Input data Start Marker

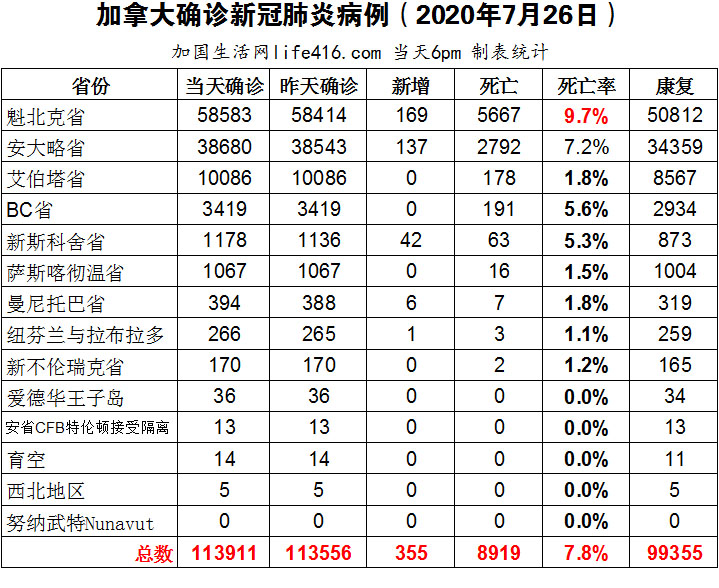 【加国生活网编译报道】截至7月26日下午6点,加拿大确诊新冠病例总数113911(当日新增355),死亡8919。魁省确诊总数58583(当日新增169);安省确诊总数38680(当日新增137);艾省和BC省周末未更新;新斯科舍省总数1178(当日新增42)。加拿大新冠阳性确诊率3%;安省7月新增病例一直无法降到100以下;阿尔伯塔省健身俱乐部有42人确诊;加拿大经济可能无法承受第二波疫情。加国生活网专门制作了如下统计数据表:
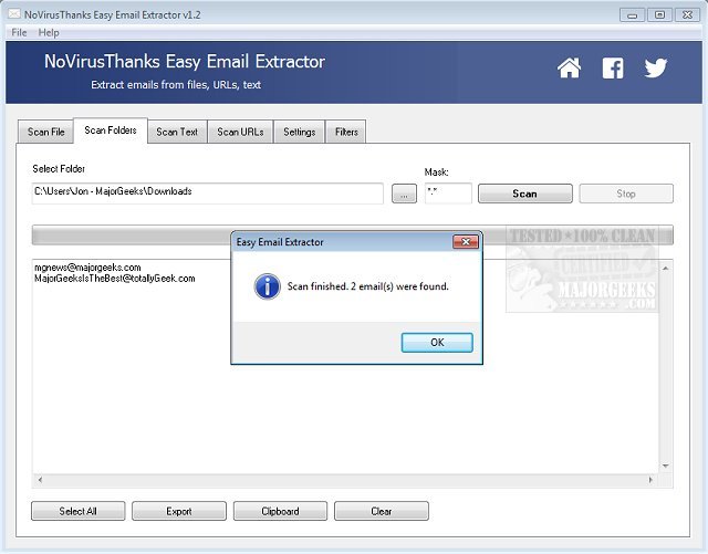 NoVirusThanks Easy Email Extractor allows email address extraction from your files, folders, and URLs.
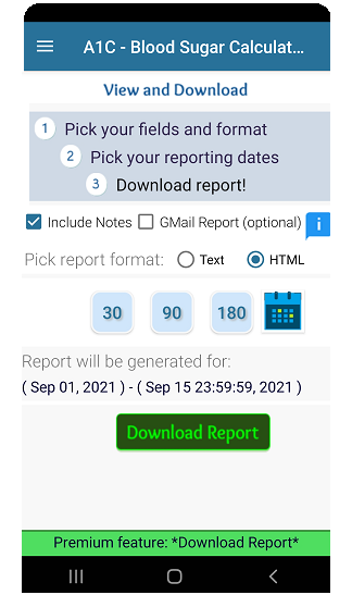 • 평균 및 추세 추적 - 미리 설정된 기간(30일, 90일, 180일) 또는 사용자 지정 날짜에 대한 평균 A1C를 확인합니다.
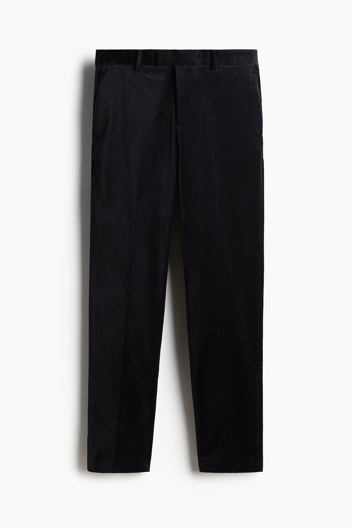 Обрезанные брюки из мягкого бархата с ширинкой на молнии, удлиненным поясом со скрытой застежкой на пуговицу и крючок, боковыми карманами, втачными задними карманами на пуговице и ногами со складками. Зауженный крой, облегающий контуры тела и создающий приталенный силуэт.
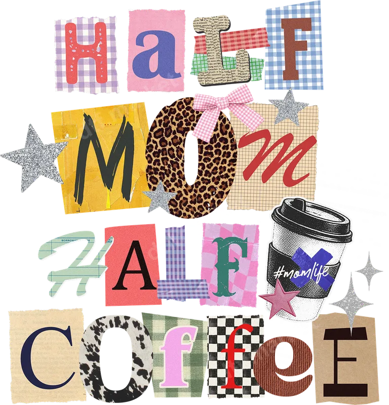Half Mom Half Coffee DTF Transfer | Trendy Collage Momlife Design
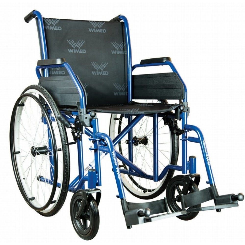 Carrozzina standard ad autospinta con telaio stabilizzante in acciaio verniciato, pedane estraibili, sedile e schienale in tela di Nylon nera.
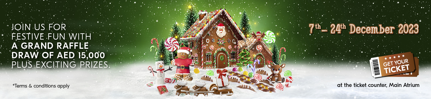 Dive into the festive spirit with a holiday season that sparkles like a winter wonderland of sweets. Another well known Dubai festive hotspot, embark on a magical journey at Wafi, where children can discover the enchanting realm of sugary celebrations. Meet Santa’s little helpers, gigantic gingerbread men, a real gingerbread house, a gigantic Christmas tree and Meet Santa and ask him for the gifts your heart desires!
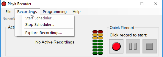 PC på teknikerrommet er satt opp med PlayIt Recorder som kan ta opp sendinger manuelt og lagre dem som wave-filer. Dette formatet er valgt for at det skal være mulig å redigere opptakene etter sending uten tap av lydkvalitet.
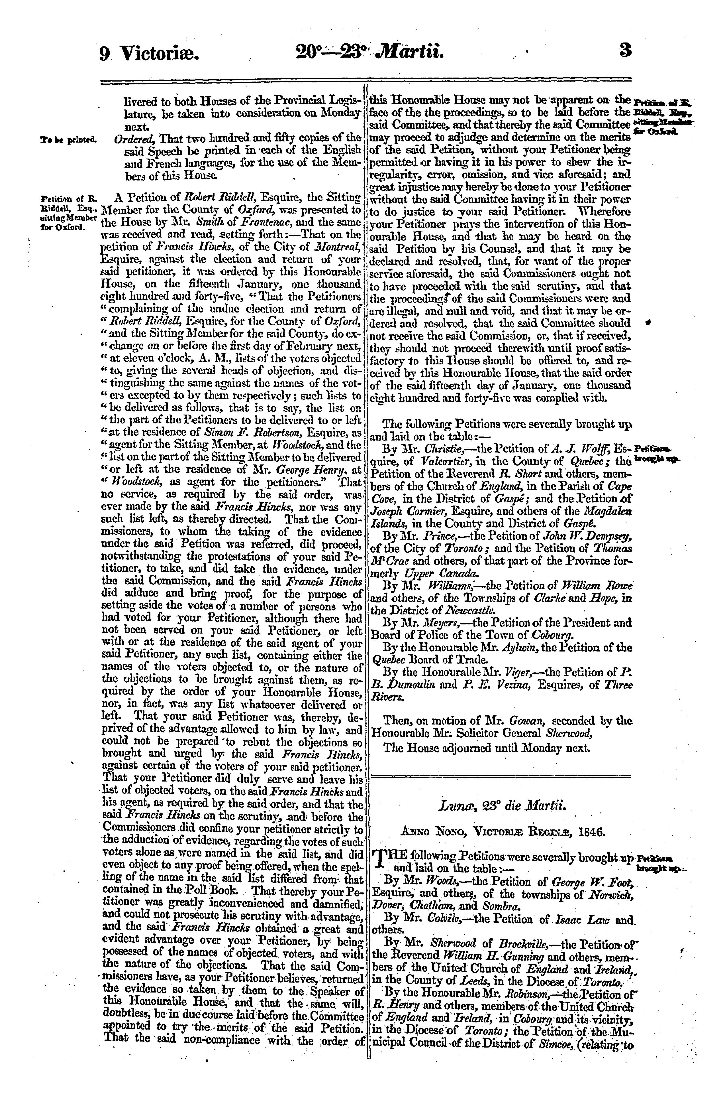 Journals of the Legislative Assembly of the Province of Canada, from the 20th day of March to the 9th day of June, 1846, both days inclusive, and in the ninth year of the reign of Our Sovereign Lady Queen Victoria, being the second session of the second provincial Parliament of Canada : 1846

Input data End Marker

▶ What to work on
Make a word-for-word copy of the entries, without any pictures.

▶ Written reply
 【加国生活网编译报道】截至7月26日下午6点,加拿大确诊新冠病例总数113911(当日新增355),死亡8919。魁省确诊总数58583(当日新增169);安省确诊总数38680(当日新增137);艾省和BC省周末未更新;新斯科舍省总数1178(当日新增42)。加拿大新冠阳性确诊率3%;安省7月新增病例一直无法降到100以下;阿尔伯塔省健身俱乐部有42人确诊;加拿大经济可能无法承受第二波疫情。加国生活网专门制作了如下统计数据表:
 NoVirusThanks Easy Email Extractor allows email address extraction from your files, folders, and URLs.
 • 평균 및 추세 추적 - 미리 설정된 기간(30일, 90일, 180일) 또는 사용자 지정 날짜에 대한 평균 A1C를 확인합니다.
 Обрезанные брюки из мягкого бархата с ширинкой на молнии, удлиненным поясом со скрытой застежкой на пуговицу и крючок, боковыми карманами, втачными задними карманами на пуговице и ногами со складками. Зауженный крой, облегающий контуры тела и создающий приталенный силуэт.
Half Mom Half Coffee DTF Transfer | Trendy Collage Momlife Design
 Carrozzina standard ad autospinta con telaio stabilizzante in acciaio verniciato, pedane estraibili, sedile e schienale in tela di Nylon nera.
 Dive into the festive spirit with a holiday season that sparkles like a winter wonderland of sweets. Another well known Dubai festive hotspot, embark on a magical journey at Wafi, where children can discover the enchanting realm of sugary celebrations. Meet Santa’s little helpers, gigantic gingerbread men, a real gingerbread house, a gigantic Christmas tree and Meet Santa and ask him for the gifts your heart desires!
 PC på teknikerrommet er satt opp med PlayIt Recorder som kan ta opp sendinger manuelt og lagre dem som wave-filer. Dette formatet er valgt for at det skal være mulig å redigere opptakene etter sending uten tap av lydkvalitet.
 Journals of the Legislative Assembly of the Province of Canada, from the 20th day of March to the 9th day of June, 1846, both days inclusive, and in the ninth year of the reign of Our Sovereign Lady Queen Victoria, being the second session of the second provincial Parliament of Canada : 1846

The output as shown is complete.